The problem is that her response is merely to state the apparent meaningfulness life. This in no way shows how it is possible to have a meaningful life if the universe has no ultimate meaning.

The reason, for the Christian, that Paula Kirby, and any other human being, has meaningfulness of life is that Christianity is true. If Christianity were not true, then there would be no ultimate meaning to the universe and no meaning for anyone’s life. It is no good saying that one doesn’t have to believe in God to derive meaning from life. That’s not the point. The point is that the truth of Christianity is the necessary condition for the meaningfulness of life. One might deny this truth, but that doesn’t make it any less true.

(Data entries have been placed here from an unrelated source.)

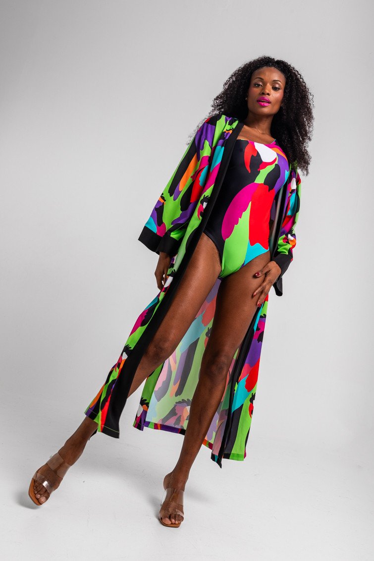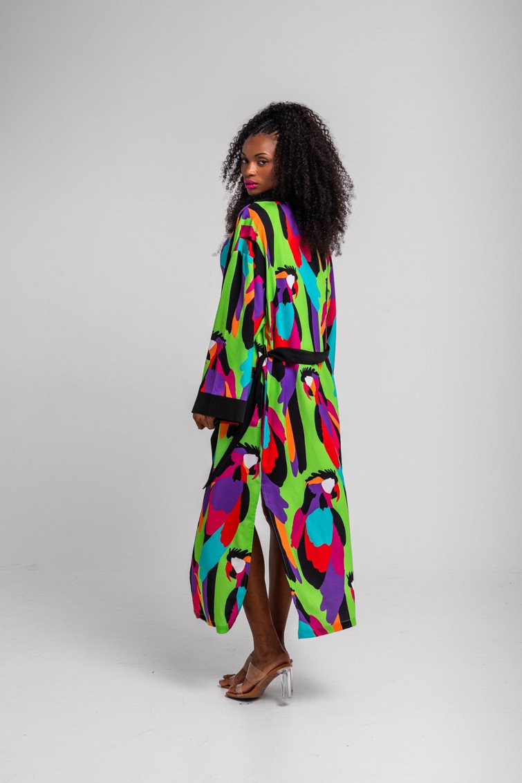Μακρύ πράσινο κιμονό σε σχήμα παπαγάλου.
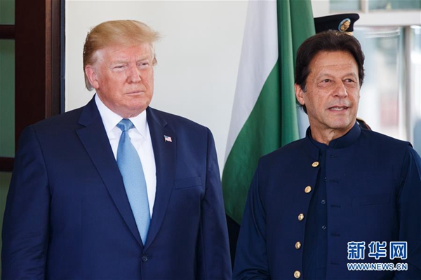 7月22日,在美國華盛頓白宮,美國總統特朗普(左)歡迎巴基斯坦總理伊姆蘭·汗。新華社發(沈霆 攝)
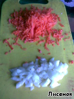 Для начала почистить лук и морковь. Лук измельчить, морковь натереть на терке.
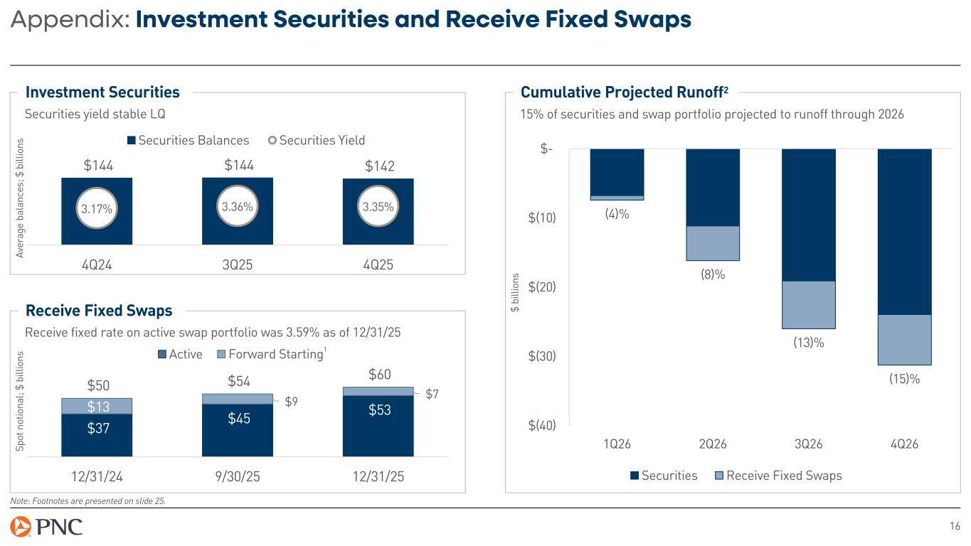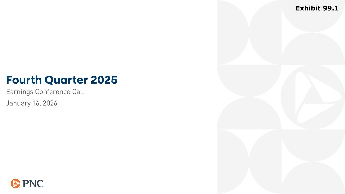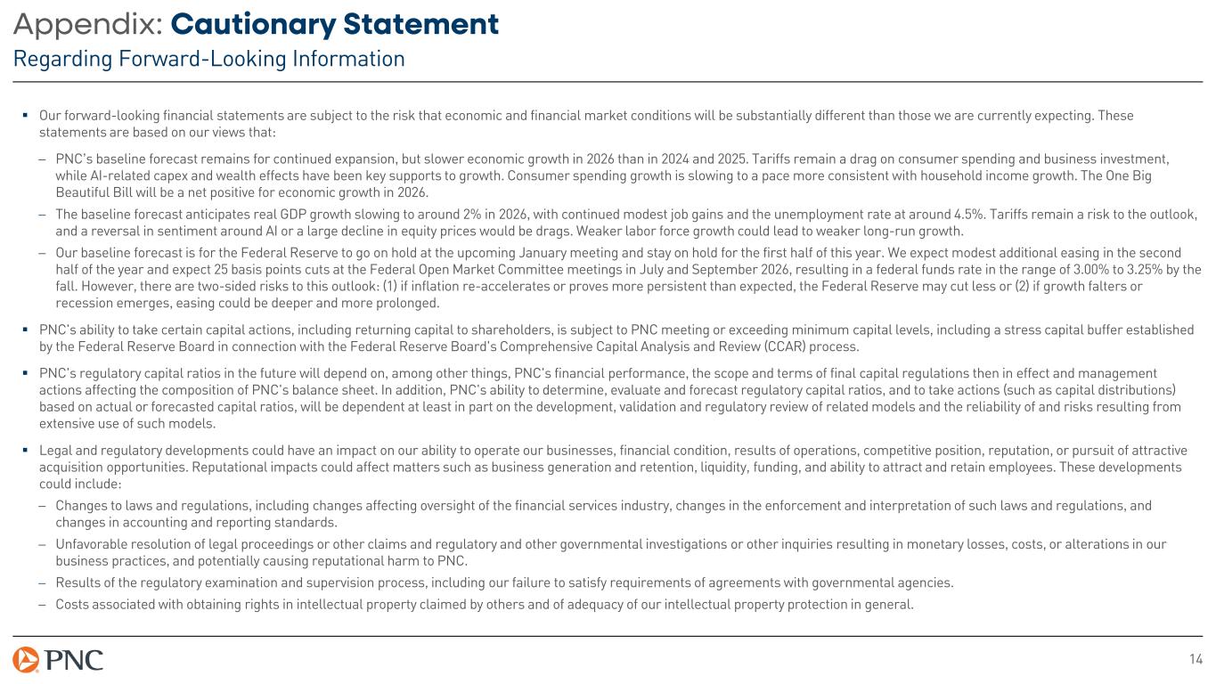 14 Appendix: Cautionary Statement Regarding Forward-Looking Information Our forward-looking financial statements are subject to the risk that economic and financial market conditions will be substantially different than those we are currently expecting. These statements are based on our views that: − PNC’s baseline forecast remains for continued expansion, but slower economic growth in 2026 than in 2024 and 2025. Tariffs remain a drag on consumer spending and business investment, while AI-related capex and wealth effects have been key supports to growth. Consumer spending growth is slowing to a pace more consistent with household income growth. The One Big Beautiful Bill will be a net positive for economic growth in 2026. − The baseline forecast anticipates real GDP growth slowing to around 2% in 2026, with continued modest job gains and the unemployment rate at around 4.5%. Tariffs remain a risk to the outlook, and a reversal in sentiment around AI or a large decline in equity prices would be drags. Weaker labor force growth could lead to weaker long-run growth. − Our baseline forecast is for the Federal Reserve to go on hold at the upcoming January meeting and stay on hold for the first half of this year. We expect modest additional easing in the second half of the year and expect 25 basis points cuts at the Federal Open Market Committee meetings in July and September 2026, resulting in a federal funds rate in the range of 3.00% to 3.25% by the fall. However, there are two-sided risks to this outlook: (1) if inflation re-accelerates or proves more persistent than expected, the Federal Reserve may cut less or (2) if growth falters or recession emerges, easing could be deeper and more prolonged. PNC's ability to take certain capital actions, including returning capital to shareholders, is subject to PNC meeting or exceeding minimum capital levels, including a stress capital buffer established by the Federal Reserve Board in connection with the Federal Reserve Board's Comprehensive Capital Analysis and Review (CCAR) process. PNC's regulatory capital ratios in the future will depend on, among other things, PNC's financial performance, the scope and terms of final capital regulations then in effect and management actions affecting the composition of PNC's balance sheet. In addition, PNC's ability to determine, evaluate and forecast regulatory capital ratios, and to take actions (such as capital distributions) based on actual or forecasted capital ratios, will be dependent at least in part on the development, validation and regulatory review of related models and the reliability of and risks resulting from extensive use of such models. Legal and regulatory developments could have an impact on our ability to operate our businesses, financial condition, results of operations, competitive position, reputation, or pursuit of attractive acquisition opportunities. Reputational impacts could affect matters such as business generation and retention, liquidity, funding, and ability to attract and retain employees. These developments could include: − Changes to laws and regulations, including changes affecting oversight of the financial services industry, changes in the enforcement and interpretation of such laws and regulations, and changes in accounting and reporting standards. − Unfavorable resolution of legal proceedings or other claims and regulatory and other governmental investigations or other inquiries resulting in monetary losses, costs, or alterations in our business practices, and potentially causing reputational harm to PNC. − Results of the regulatory examination and supervision process, including our failure to satisfy requirements of agreements with governmental agencies. − Costs associated with obtaining rights in intellectual property claimed by others and of adequacy of our intellectual property protection in general.
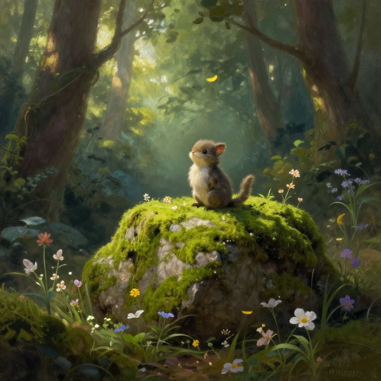 Snall depicted as a small mythical creature sitting on an ancient moss-covered stone, surrounded by delicate flowers and soft sunlight filtering through tall trees, enchanted woodland scene, painterly style with rich textures
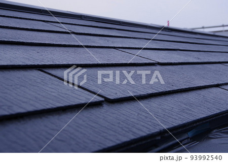 スレート瓦 戸建て住宅の塗装 屋根塗装 現場 足場の組まれた家 塗装工事 足場 住宅工事の様子 養生

And that’s the meaning of pie.

Assistant Professor of Philosophy and History of Ideas at Southeastern Baptist Theological Seminary and The College at Southeastern.

One Comment

  • Stephen Fast

    Creating ones own meaning in life is the practical definition of existentialism at it's core. In existentialism everything is relative and subjective because it is the individual creating purpose for themselves.
    If Christianity was not true the world would be without objective purpose and we would be wallowing in our subjective, individual minds.
    Sin would be top in that subjective mind. For according Socrates man given ultimate power will always do evil. With no God we would be given ultimate power because we would have nothing to restrain or withhold that power. Without God there is no such thing as good, not even standard grace because God created that too.
    The world, without God, would be an evil place and would ultimately destroy itself. It would cave into self-destruction and be an empty sphere of nothingness, which would be a world without purpose because nothingness is nothingness, not something. Even saying that the human beings purpose in life is to do evil would still be a life without purpose because all evil would lead to is self-destruction and an empty world.
    Therefore, to have any purpose at all we need to accept the Truth that God is our purpose for living.